Alcoholic liver damage (ALD) is the damage to liver function, and it is caused by drinking. ALD further develops into alcoholic liver diseases such as alcoholic fatty liver, inflammatory hepatitis, hepatic cirrhosis, and hepatic fibrosis [1]. The Global Status Report on Alcohol and Health (2018) published by the World Health Organization indicates that 3 million deaths occur every year as a result of harmful alcohol use [2]. Oxidative stress is the major cause of ALD. Oxidative stress is caused by reactive oxygen species (ROS) from hepatic alcohol metabolizers. Overwhelming oxidative stress causes cellular damage and produces hepatotoxic substances such as malondialdehyde [3]. Oxidative stress can also reduce the content of antioxidant factors such as superoxide dismutase and glutathione [4]. Chronic alcohol consumption damages the intestinal barrier, which leads to intestinal bacterial dysbiosis and increases the systemic levels of bacterial products.
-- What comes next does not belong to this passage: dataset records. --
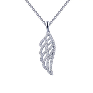 Simple yet stylish. This angel wing pendant is set with Lafonn's signature Lassaire simulated diamonds in sterling silver bonded with platinum. The pendant comes on an adjustable 18" chain.
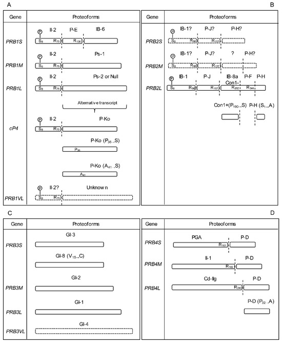 - Lyons, K.M.; Azen, E.A.; Goodman, P.A.; Smithies, O. Many protein products from a few loci: Assignment of human salivary proline-rich proteins to specific loci. Genetics 1988, 120, 255–265. [Google Scholar] [CrossRef]
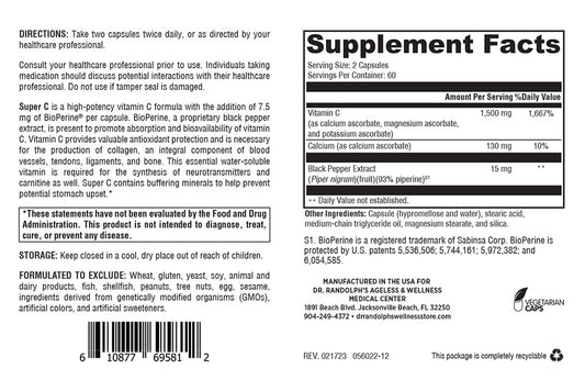 Super C is a high-potency vitamin C formula with the addition of 7.5 mg of BioPerine® per capsule.

Harmful substances such as lipopolysaccharide transfer from the intestines to the liver and cause liver inflammation [5]. Currently, stopping alcohol consumption is the most helpful method of alleviating ALD, as considerable side effects are associated with the use of chemical drugs [6]. Thus, the search for less toxic treatments is a priority.
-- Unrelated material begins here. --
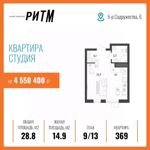 ЖК "РИТМ" — ДОСТУПНАЯ И ВЫГОДНАЯ ИНВЕСТИЦИЯ В ВАШЕ БУДУЩЕЕ Жилой комплекс "Ритм" по ул. Бульвар Содружества уч. 6 — часть масштабного проекта развития территории воронежского левобережья — микрорайона "Ключи", который займет 28,6 га недалеко от въезда в город по тамбовскому направлению. Здесь строится инновационный красивый мини-город. Он насыщен социальной и коммерческой инфраструктурой и обеспечен новейшими коммуникациями. Комплекс состоит не только из качественных домов. Решения по благоустройству стимулируют ведение активного здорового образа жизни. Продуманы возможности для взаимодействия людей, их творческой самореализации, выстраивания добрососедских связей и формирования современного приятного комьюнити. И все это на благоприятном экологическом фоне. Это действительно новый шаг в создании привлекательной среды для жизни в современном ритме! Жить, не ограничивая себя и свою семью, — разве не об этом вы мечтали? Вас ждет инновационное пространство, где вы будете вести свою насыщенную и интересную жизнь в выбранном вами ритме. Подземный паркинг на -1 этаже вместимостью на 114 машино-места, в том числе семейные парковки на два автомобиля освобождает двор от машин — там гораздо приятнее гулять с детьми или заниматься спортом. Жители смогут выходить к своему автомобилю в теплый паркинг прямо из лифта — нет беспокойства из-за погодных условий или за сохранность транспортного средства. Ваши гости тоже не останутся без парковки — на придомовой территории организовано - 131 место и вне придомовой территории - 213 мест. Для абсолютного комфорта на -1 этаже в каждой секции расположены кладовые помещение площадью от 2,10 до 5,0 кв.м., где можно хранить все что угодно — велосипеды, санки, лыжи и прочие вещи. Они больше не будут занимать весь балкон. Там гораздо приятнее пить кофе и любоваться видом из окна. ИНФРАСТРУКТУРА и ПРЕИМУЩЕСТВА Инновационное жилье в ЖК "Ритм" совсем рядом — 5 минут до Остужевского кольца, 20 минут до центра, рядом новая транспортная развязка. Легко добраться до работы и вузов, на концерт или в гости. Первый цифровой квартал в городе Дворы без машин Подземный паркинг и кладовые (в каждой секции) Сервисная Управляющая Компания (Smile) Новая инфраструктура района и коммуникаций Рядом с вами: новая уже действующая школа - 3 минут (просто перейти дорогу) новый детский сад (проект на стадии разработки, ориентировочный срок сдачи конец 2026 года) - 5 минут (просто перейти дорогу) 5 минут от центральной площади событий и прогулочных аллей стадион и спортивные площадки поликлиника (проект на стадии разработки) магазины аптеки детские площадки

More recently, some studies have demonstrated an association between the intestinal microbiota and ALD [7]. The effect of alcohol on the intestinal microbiota is called dysbiosis [8]. Alcohol can increase the abundance of endotoxin-producing microbiota and decrease the abundance of short-chain fatty acids (SCFAs)-producing microbiota and anti-inflammatory microbiota [9,10]. Negative alterations in the intestinal microbiota increase the liver damage through the gut–liver axis [11]. In general, probiotics refer to live microorganisms that, when they are administered in adequate amounts, confer health benefits to the host. Probiotics can boost the immunological system, protect the gut, and positively regulate the intestinal microbiota [12]. In addition, probiotic fermentation can improve the functional characteristics of food. Fermented dairy foods have been consumed for many years as traditional probiotic fermented foods, and they have proven benefits [13]. At present, many studies of nondairy probiotic fermented foods have also been conducted. Zhang et al. found that blueberry juice fermented by Lactobacillus plantarum had increased antioxidant activity [14]. Hu et al. found that fermented carrot juice could attenuate type 2 diabetes by mediating the intestinal microbiota in rats [15].
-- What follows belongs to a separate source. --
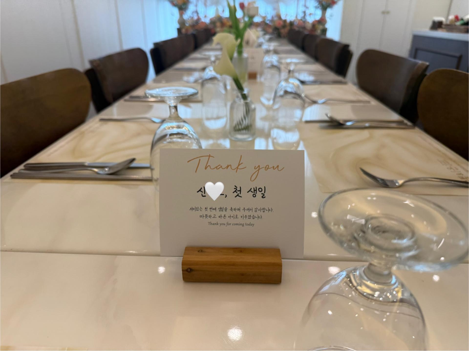 그렇게 스냅을 찍고 오자 손님들이 하나 둘 오셨고 상차림 세팅 해주신 업체 직원분이 돌잔치 사회까지 봐주시며 돌잔치가 마무리 되었습니다.

Lactobacillus has a long history use as fermentation-engineering bacteria because they are beneficial in the prevention of intestinal diseases and the regulation of intestinal flora [16]. The strains that are commonly studied worldwide include: Lactobacillus acidophilus, Lactobacillus rhamnosus, and Pediococcus acidilactici, etc. [17]. Lactobacillus rhamnosus is one of the most widely studied probiotic strains, and it can attenuate inflammation, improve hydrogen-peroxide-induced damage, reduce the viability of pathogenic bacteria, regulate the intestinal microbiota, and regain intestinal barrier function, etc. [18]. Forsyth et al. found that gavage with Lactobacillus rhamnosus GG reduced the severity of alcohol-induced gut hyperpermeability and alcohol-induced tissue and systemic oxidative stress to ameliorate alcohol-induced gut leakiness and liver injury [19]. Lactobacillus acidophilus also has antibacterial and anti-inflammatory activities [20]. Lv et al. found that Lactobacillus acidophilus could alleviate D-GalN-induced liver injury in rats through downregulating the expression of the infection- and inflammation-related pathways [21]. Pediococcus acidilactici is a safe probiotic that is widely used in the food industry [22]. Zhang et al. found that Pediococcus acidilactici FZU106 could significantly reduce the accumulation of excessive lipid in the liver caused by high-fat diet feeding in mice [23]. Bikheet et al. found that Pediococcus acidilactici-fermented milk could treat the liver fibrosis caused by CCl4 [24].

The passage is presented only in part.